In August 2010, we and six other members of the Sydney branch of the RSP left the organisation as a group, having concluded that the RSP was not viable as a Marxist party because it lacks both a critical mass of activists and realistic possibilities for recruitment.

We were unable to establish enough of a readership and support base for DA to justify the effort that goes into the paper.

GLW, on the other hand, has established itself over the past two decades as a socialist publication with a relatively high profile, readership and support base.

It’s the only such publication that comes out weekly and its website is among the ten most visited Australian political websites.

It has to be recognised that GLW is a valuable institution for the left as a whole whether or not one agrees with the politics of the Socialist Alliance, the organisation that underpins GLW.

As socialists we disagree on many things, yet most of the content of a typical 24-page edition of GLW is stuff we probably all agree on, or largely agree on.

If space is made available to express a variety of viewpoints and facilitate constructive debate among those opposed to capitalism, GLW can be both Socialist Alliance’s paper and something more: a publication of, by and for the socialist movement as a whole.

We’re not members of the Socialist Alliance and we don’t intend to join. The Socialist Alliance isn’t the kind of party we want to build. Yet we recognise the value of GLW to all of us.

With the class struggle at such a low ebb in Australia it’s very difficult to build radical left parties. “The battle of ideas” in a more pure form than the traditional party/paper combination, and non-party forms of socialist collaboration, assume greater importance.

Radical left publications, especially those with an attractive online presence, can be one form of such collaboration.

GLW could be an institutional bridge of continuity between the small and splintered socialist movement and a new, future wave of anti-capitalist radicalisation in Australia precipitated by the unfolding of capitalism’s multiple systemic crises.

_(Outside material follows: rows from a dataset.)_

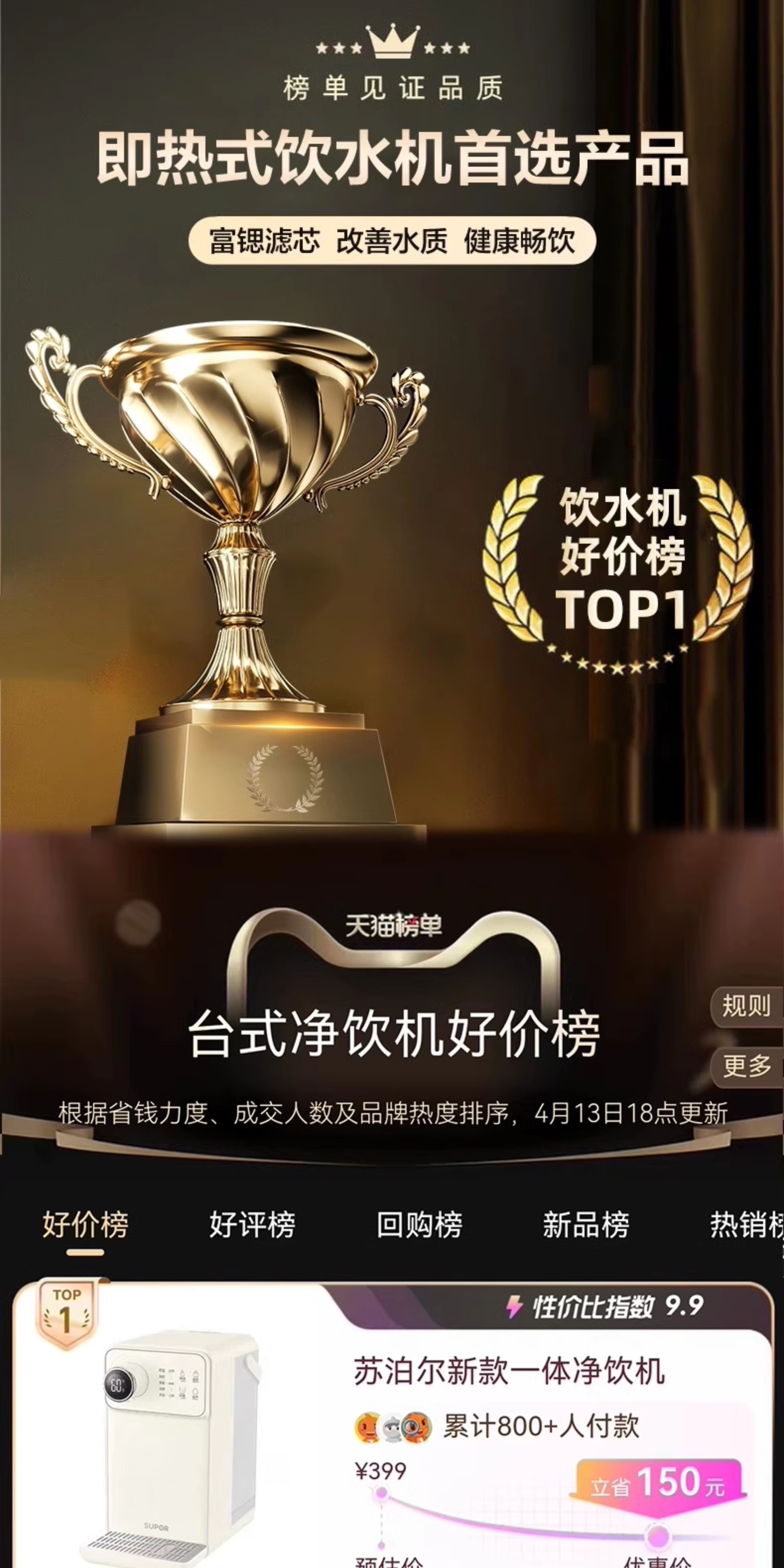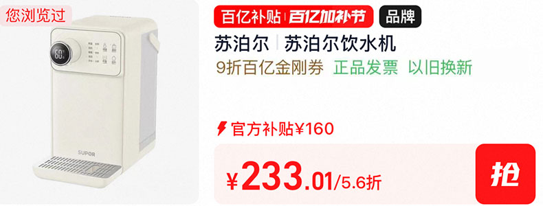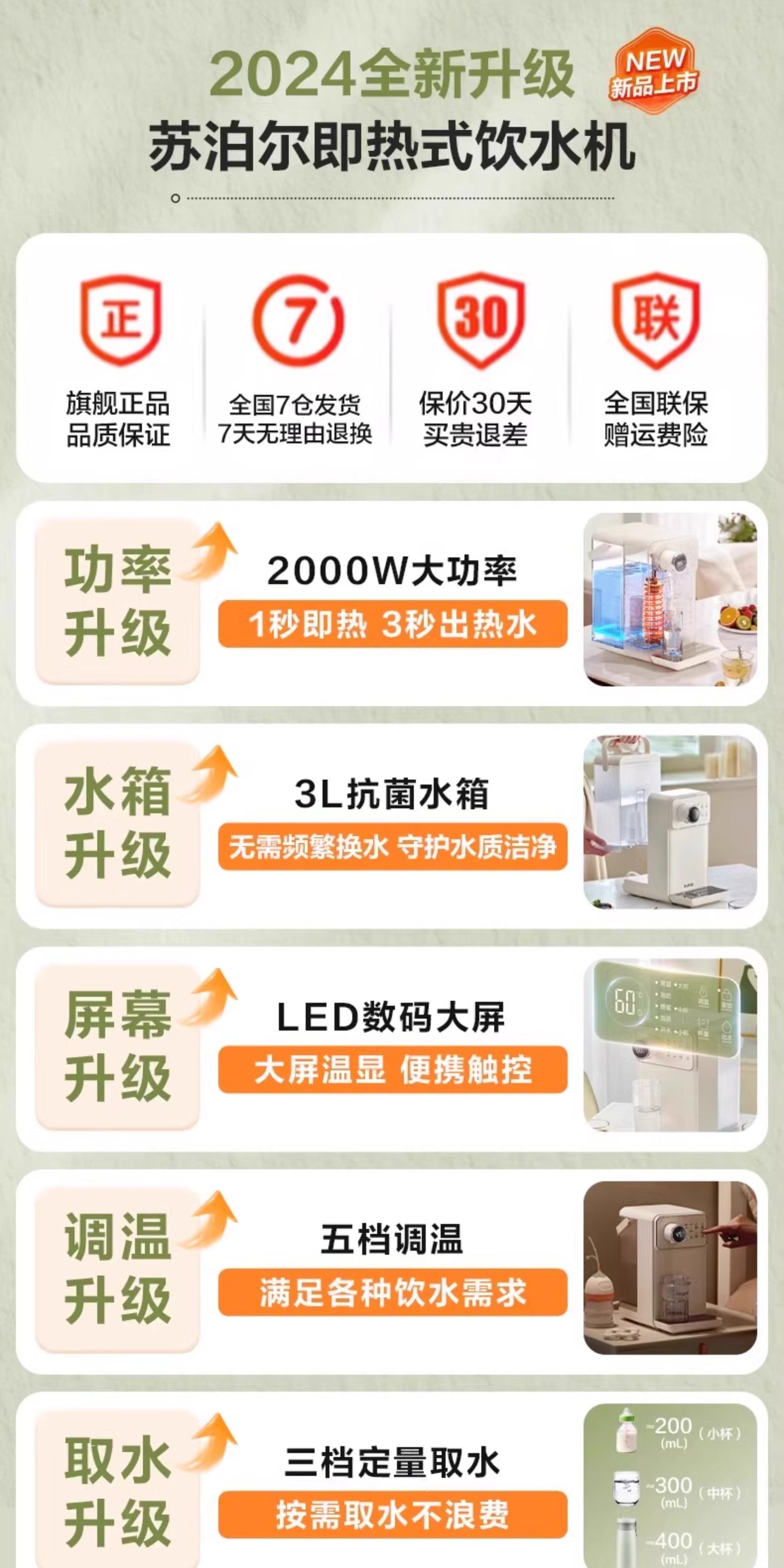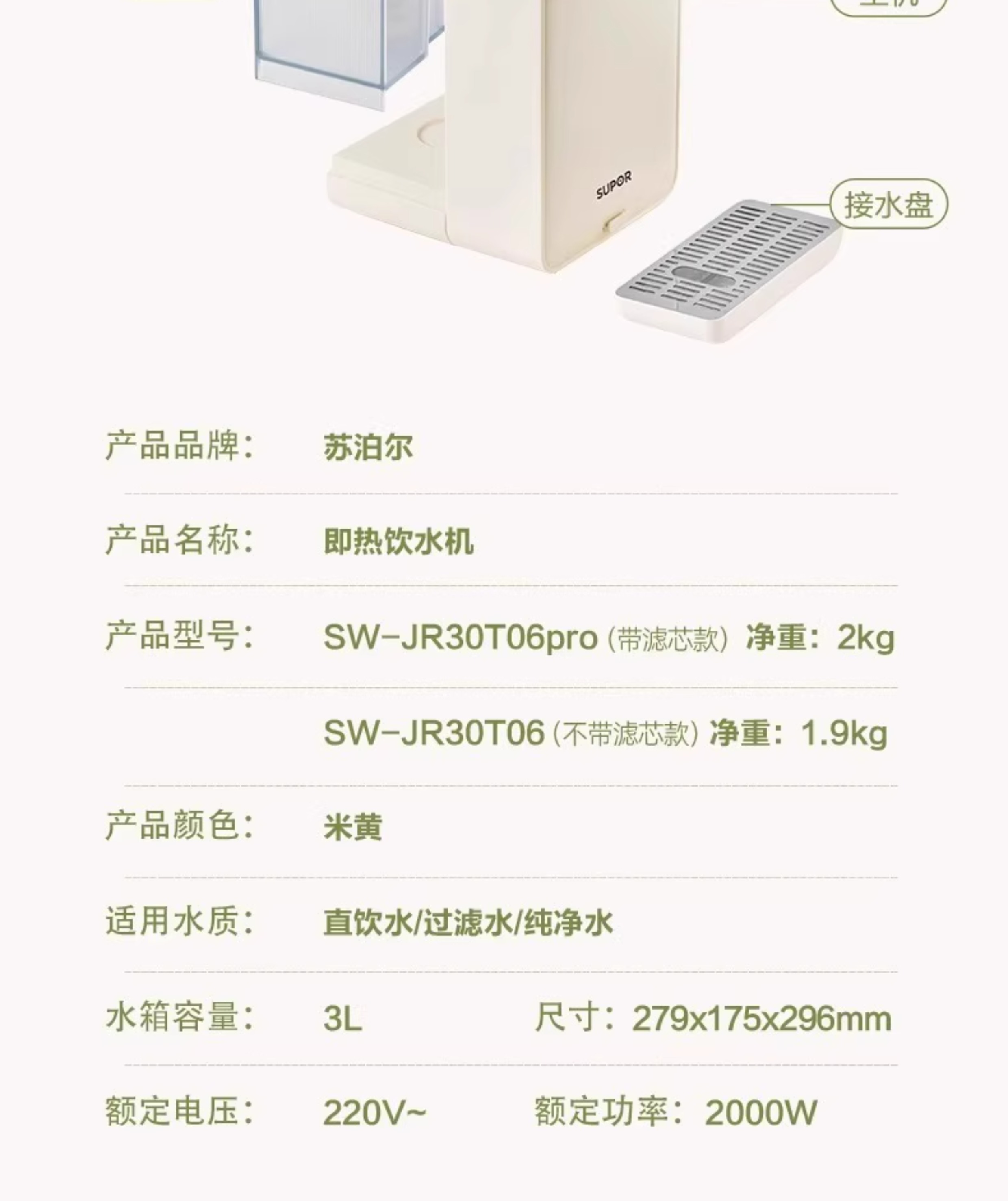 苏泊尔即热式饮水机新款家用直饮小型净饮机台式热水机一体电水壶
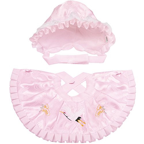 - [色と柄]:帽子:ピンク×地紋入り生地×レース、よだれかけ:ピンク×地紋入り生地×レース×鶴と松の刺繍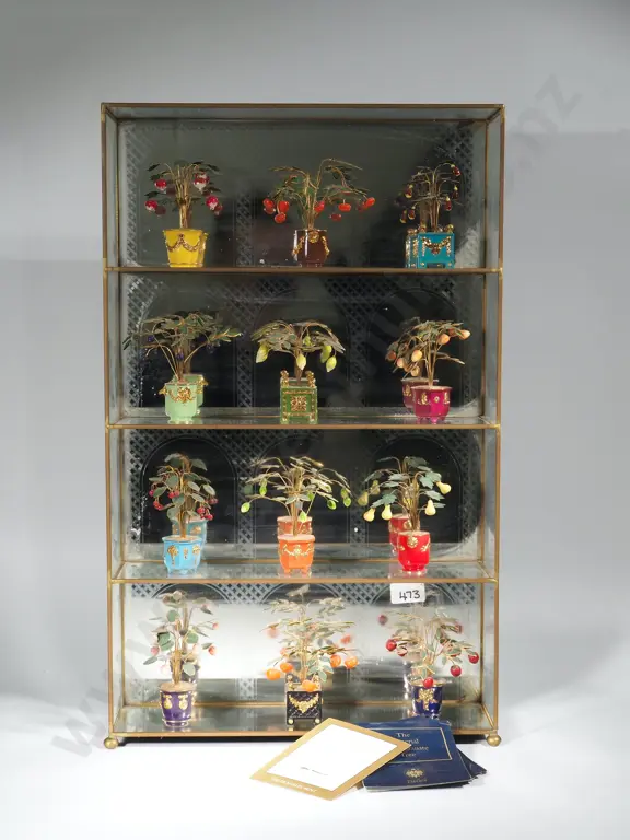 Czarina's Orchird - House of Faberge Shadow Glass Box w Imperial Pomegranate Tree Ornaments Display Estimate: $100 - $200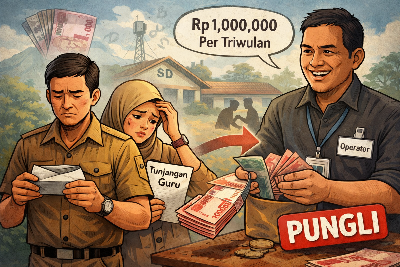 Para guru daerah terpencil harus menerima nasib kurang baik karena hak mereka justru dipotong Rp1 juta per orang setiap triwulan. Bahkan saat ini, pemotongan dilakukan oleh operator sebesar Rp300 ribu per bulan.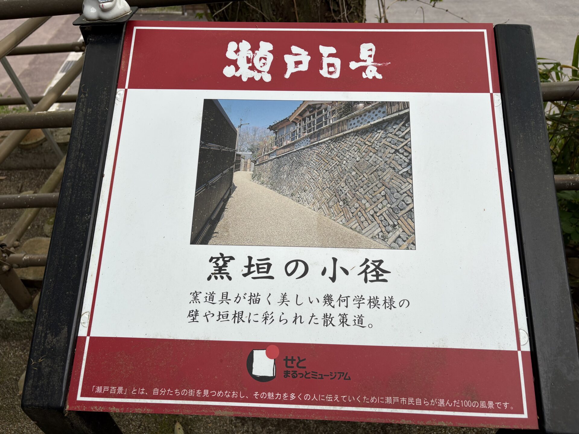 尾張瀬戸駅から徒歩で約20分ほど、街外れには「窯垣の小径」という遊歩道があります。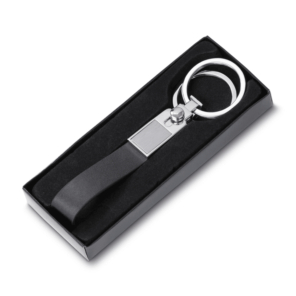 Chaveiro de metal com couro sintético preto com 2 argolas + caixa com berço aveludado. Engate rápido para uma argola. Área disponível para gravação em aço escovado.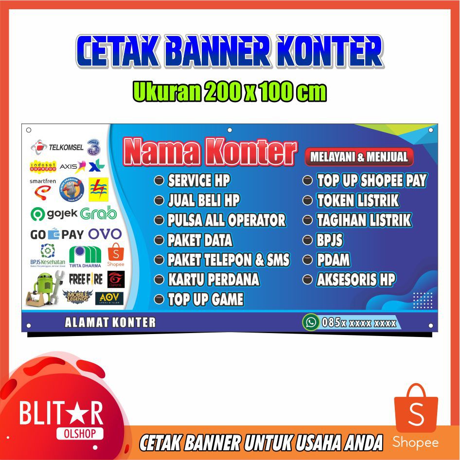 Cetak Banner Konter Hp Pulsa Ukuran 200x100 Cm Shopee Indonesia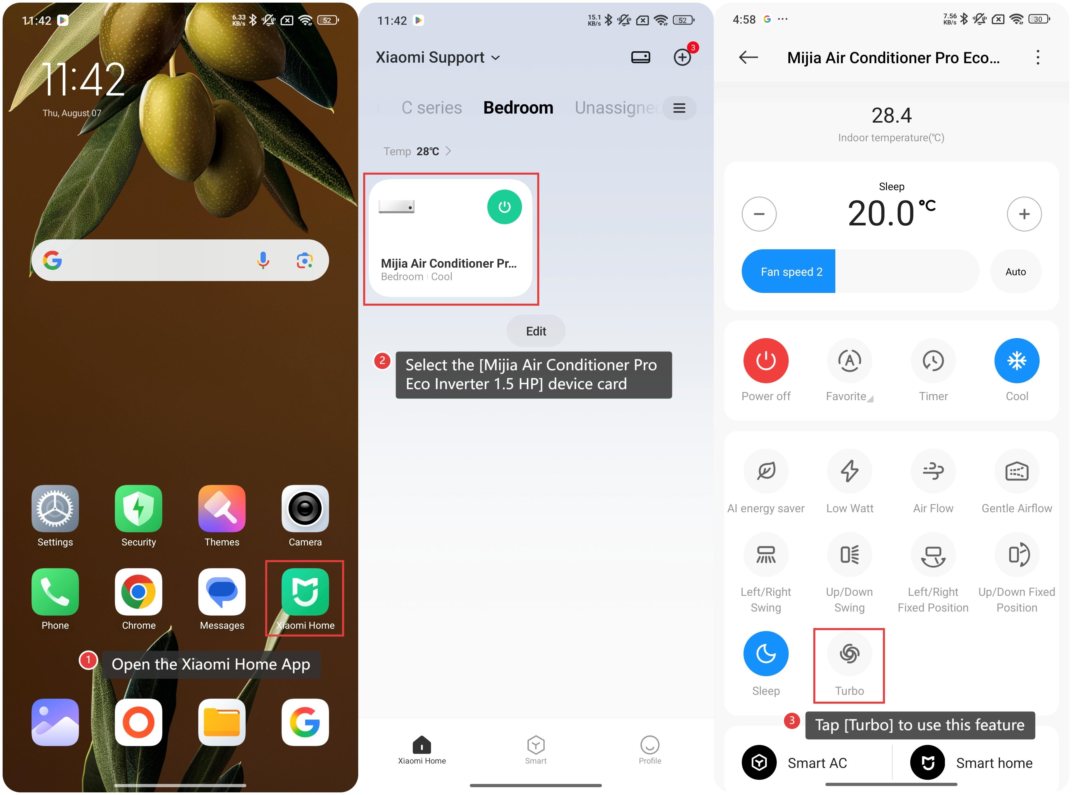 Turbo mode maximizes the cooling power of the Mijia Air Conditioner Pro Eco Inverter 1.5 HP at the press of a button. Once activated, the system adjusts the compressor frequency and fan speed to their highest levels, enabling rapid cooling. To use the Turbo mode on the Mijia Air Conditioner Pro Eco Inverter 1.5 HP, please refer to the following methods: Method 1: Once the Mijia Air Conditioner Pro Eco Inverter 1.5 HP is powered on and running normally, press the Turbo button on the remote control to enable or disable Turbo mode. Method 2: 1. Open the Xiaomi Home App on your device; 2. Select the [Mijia Air Conditioner Pro Eco Inverter 1.5 HP] device card; 3. Tap [Turbo] to use this feature.

In a deep crisis of capitalist rule the need for revolutionary organisation would be posed as an objective necessity and real steps could be taken towards a mass revolutionary socialist party.

In the meantime, GLW could and should be more of a collaborative project in the inclusive spirit of the introduction on the paper’s website: “Green Left Weekly aims to provide a much-needed forum for discussion and debate about changing the world ... by sharing a wide range of views.”


I suspect that the authors cannot answer their own challenge -- if "the Socialist Alliance isn’t the kind of party we want to build.." then they aren't building anything else are they? They may PREFER something else worth the effort of their personal investment, but there are hundreds of socialists who have chosen the Socialist Alliance as their party building project and think otherwise.

If you love GLW you don't have to think that the SA is the bee's knees of course. Many Greens members love GLW but they aren't in the Alliance. But the fact is that without the Socialist Alliance supporting the GLW project there would be no paper out there online or out and about across Australia.

So maybe that's worth the deference? The Socialist Alliance may not be " the kind of party we want to build." But GLW is apparently the kind of paper we want to read.

Wrong party/right paper? Go figure. A paper that has an open inclusive unity agenda supported by a party... that has the same open, inclusive unity spirit...

Some of us think that the SA is "a much-needed forum for discussion and debate about changing the world ... by sharing a wide range of views” and once deciding, doing our best to make that decision happen.

We think that any forum of debate has to be wedded with a democratic means to decide and then to collectively act.

That's my kind of party: open, accountable and democratic.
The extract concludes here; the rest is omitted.